WHAT NEEDS TO BE DONE: Reproduce the data exactly as given, except for any images.

EXERCISE DATA:
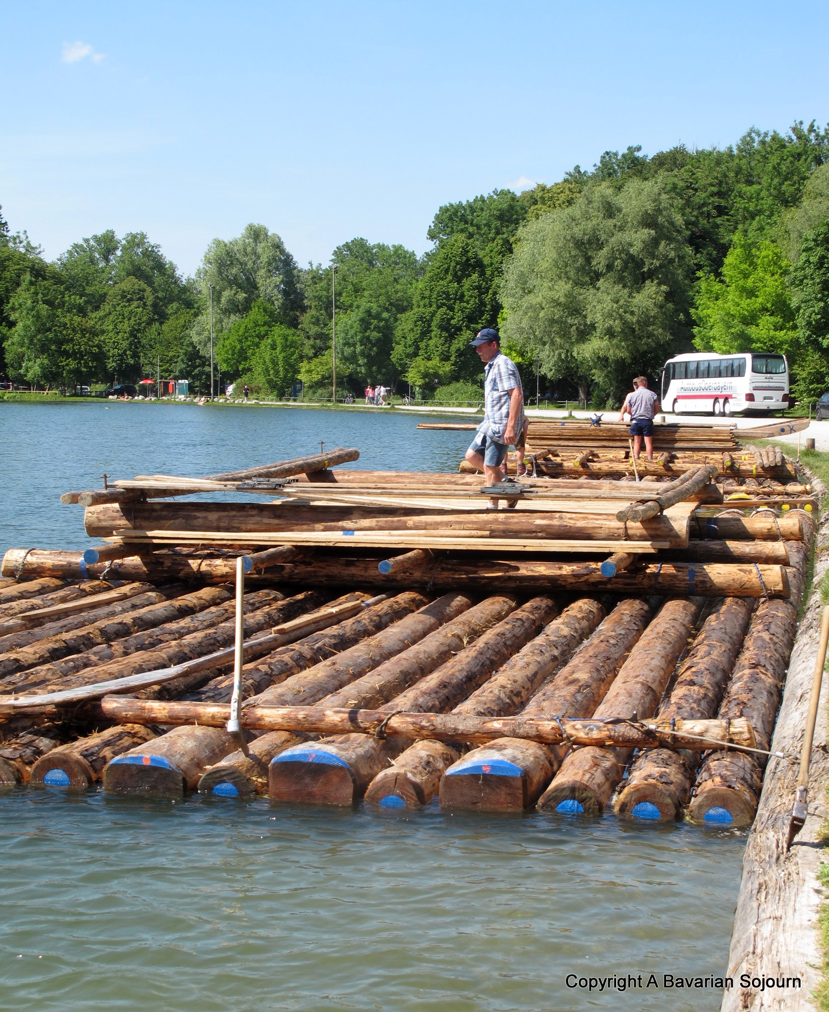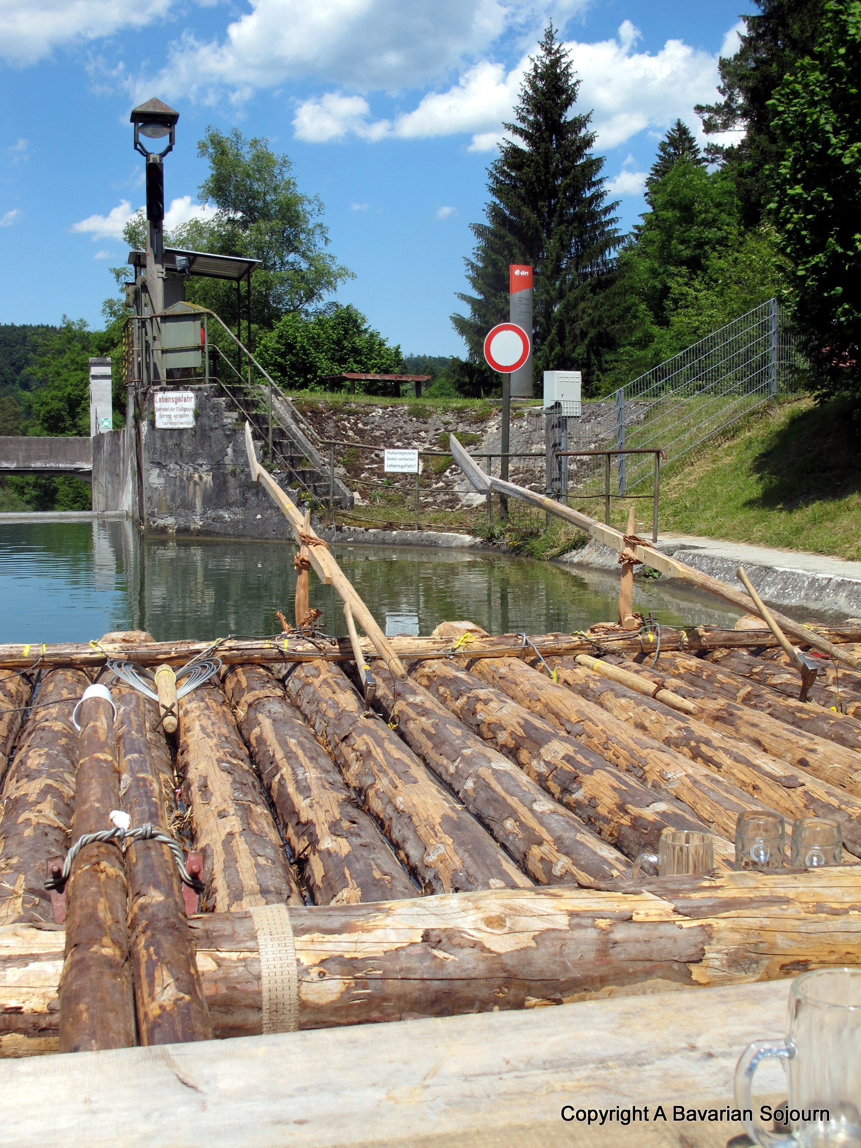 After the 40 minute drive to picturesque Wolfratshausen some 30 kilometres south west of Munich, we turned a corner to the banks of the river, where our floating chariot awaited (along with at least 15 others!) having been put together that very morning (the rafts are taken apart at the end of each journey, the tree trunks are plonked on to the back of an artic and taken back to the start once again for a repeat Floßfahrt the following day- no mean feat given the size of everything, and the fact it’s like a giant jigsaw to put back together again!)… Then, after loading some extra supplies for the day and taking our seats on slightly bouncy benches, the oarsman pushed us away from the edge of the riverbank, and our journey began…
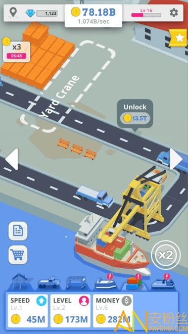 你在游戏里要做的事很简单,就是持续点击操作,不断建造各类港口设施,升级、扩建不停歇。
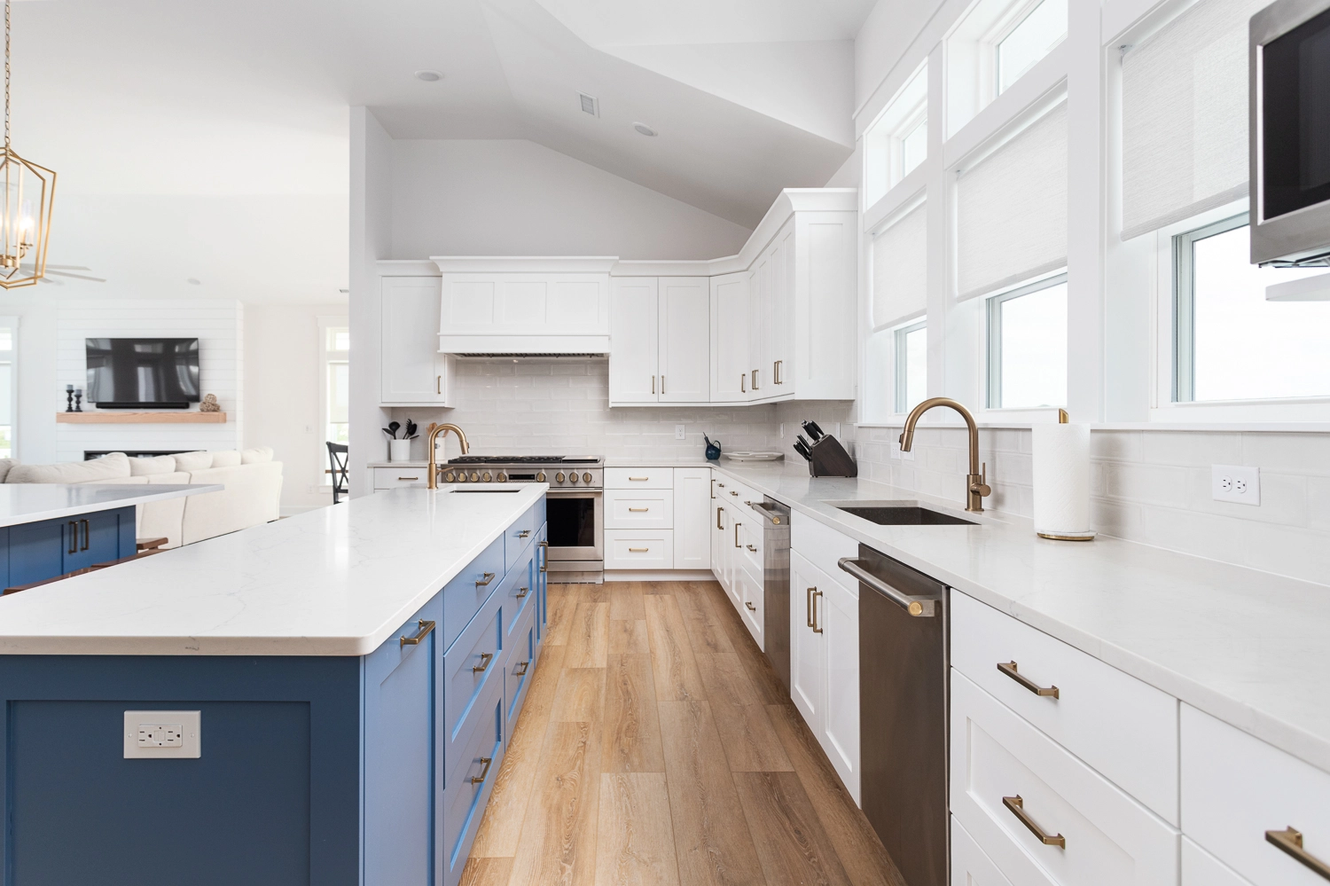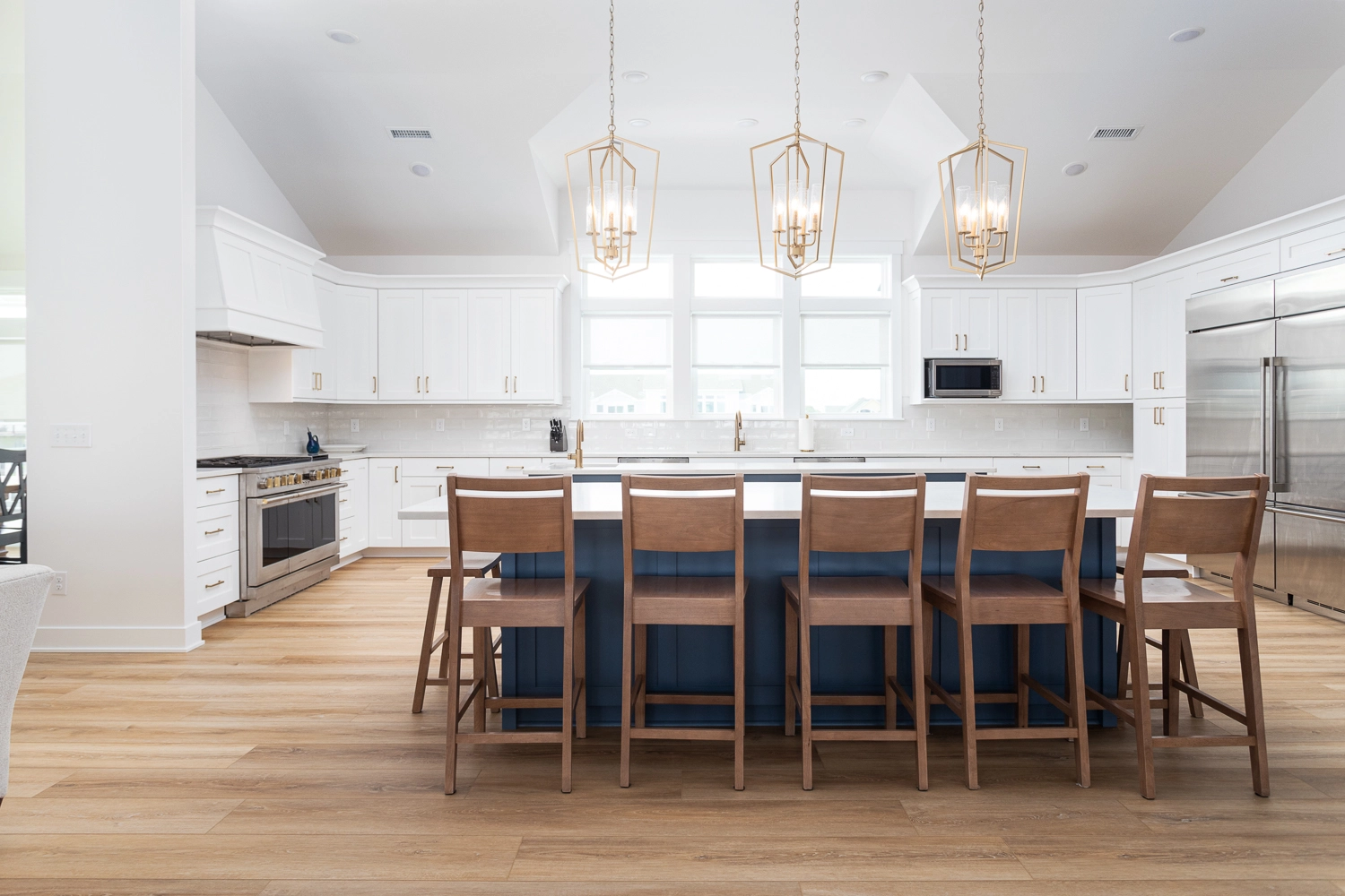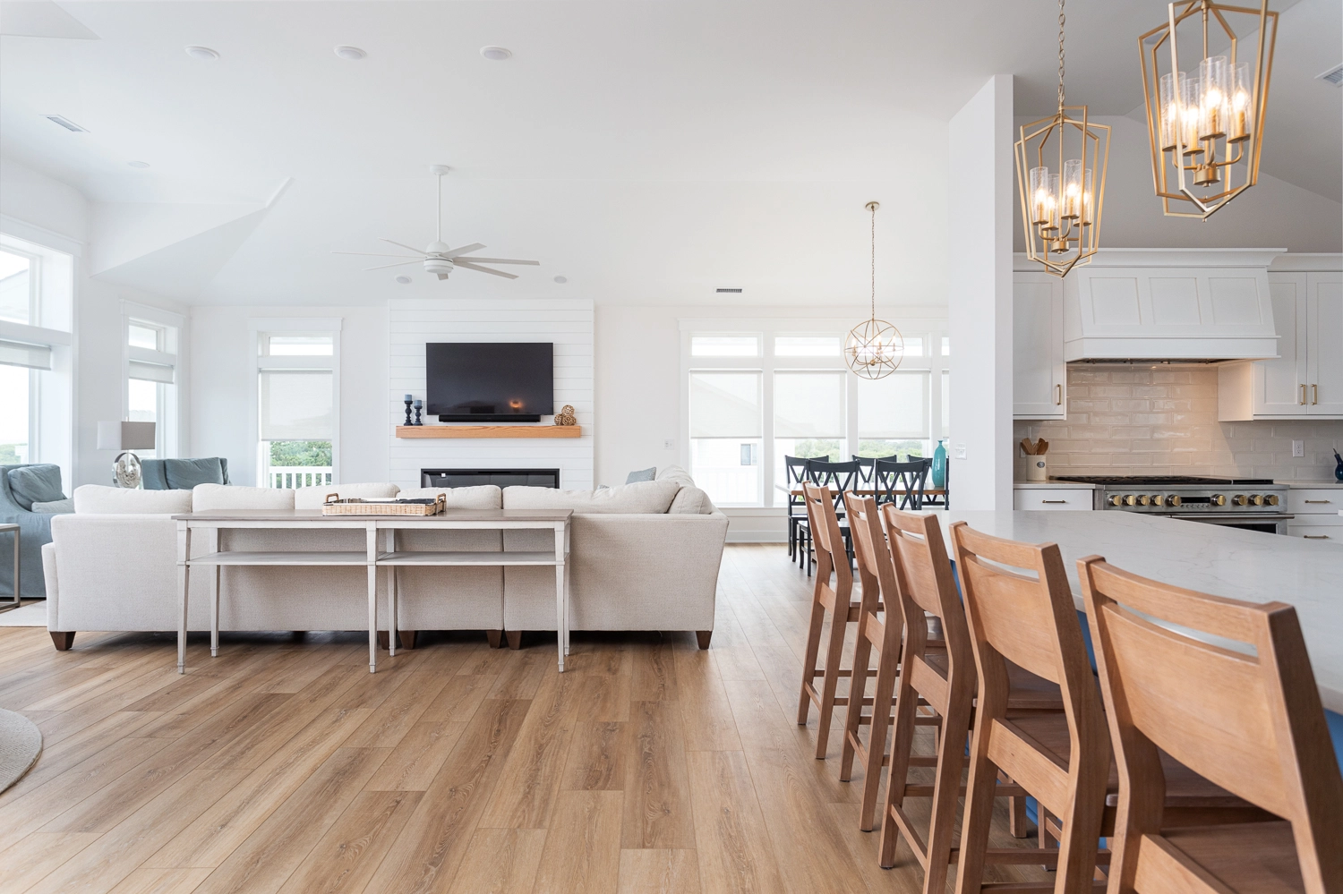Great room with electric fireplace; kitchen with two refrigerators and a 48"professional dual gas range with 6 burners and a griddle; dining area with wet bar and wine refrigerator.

THE ANSWER:
 After the 40 minute drive to picturesque Wolfratshausen some 30 kilometres south west of Munich, we turned a corner to the banks of the river, where our floating chariot awaited (along with at least 15 others!) having been put together that very morning (the rafts are taken apart at the end of each journey, the tree trunks are plonked on to the back of an artic and taken back to the start once again for a repeat Floßfahrt the following day- no mean feat given the size of everything, and the fact it’s like a giant jigsaw to put back together again!)… Then, after loading some extra supplies for the day and taking our seats on slightly bouncy benches, the oarsman pushed us away from the edge of the riverbank, and our journey began…
 你在游戏里要做的事很简单,就是持续点击操作,不断建造各类港口设施,升级、扩建不停歇。
Great room with electric fireplace; kitchen with two refrigerators and a 48"professional dual gas range with 6 burners and a griddle; dining area with wet bar and wine refrigerator.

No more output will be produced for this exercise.